Still have not figured out what they represent. 

My latest song [ Mr. Sandman / Chet Atkins ] involves several of these chords with a couple named as a D13 and A7+5.

If someone can help explain please do so.

Any information to make this song easier to learn much appreciated.

Nice cover can be seen online by Matt Cowe.


----------



## Gizmo (Aug 7, 2008)

I highly recommend this book.

http://books.google.ca/books/about/Everything_about_Guitar_Chords.html?id=QIVjE7qMxBwC&redir_esc=y


----------



## gtrchris (Apr 1, 2007)

Here's a (somewhat) simple answer to the numbers query.
Both chords are Dominant 7th type chords: 1, 3, 5, b7, but one uses upper extensions(9,#11,13) and the other is an augmented dominant 7th- 1,3,#5,b7(there are many types of altered 7th chords-7#5b9, 7#5#9, etc.)

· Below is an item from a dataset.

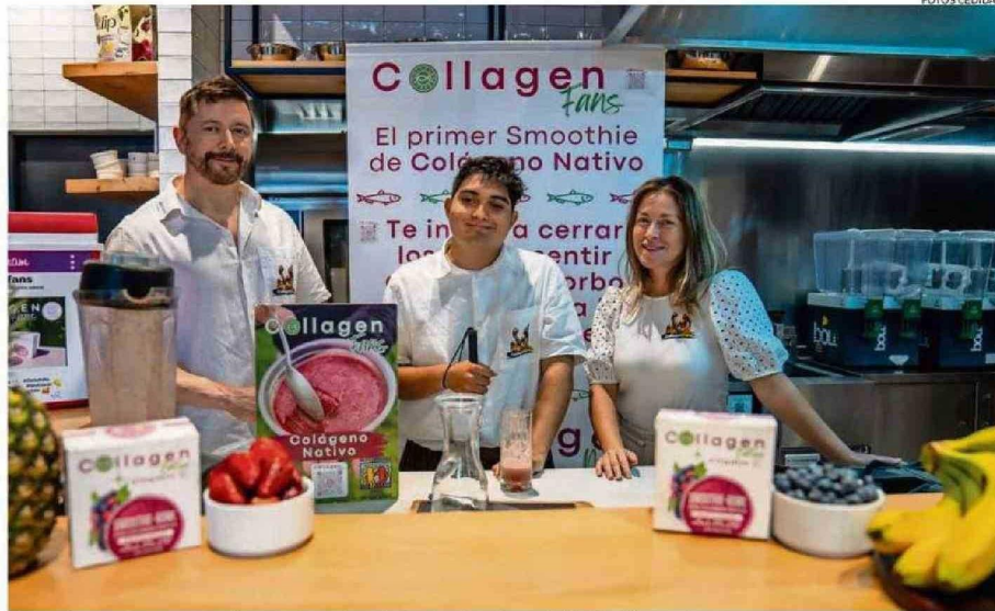
El pasado mes de mayo el producto fue lanzado en ferias de alimentos en la Región Metropolitana.

The D13 is a chord built with the following notes D,F#,A,C,E(9th),B(13th)-typically guitar voicings leave out the 5th as we are limited by having only 4 fingers(piano players have many more!)
The A7+5(#5) is an augmented 7th chord A,C#,E#,G

Hope this helps a bit, Gizmo's advice is good too if you're unfamiliar with jazz guitar voicings on the guitar. I'd also recommend acquiring a jazz harmony book and/or getting a teacher to cover these fundamentals with you.

Cheers
Chris


----------



## Bastille day (Mar 2, 2014)

Thanks for all the useful information so far.

Now I know why the guy in Jamaica has one string on his guitar.


----------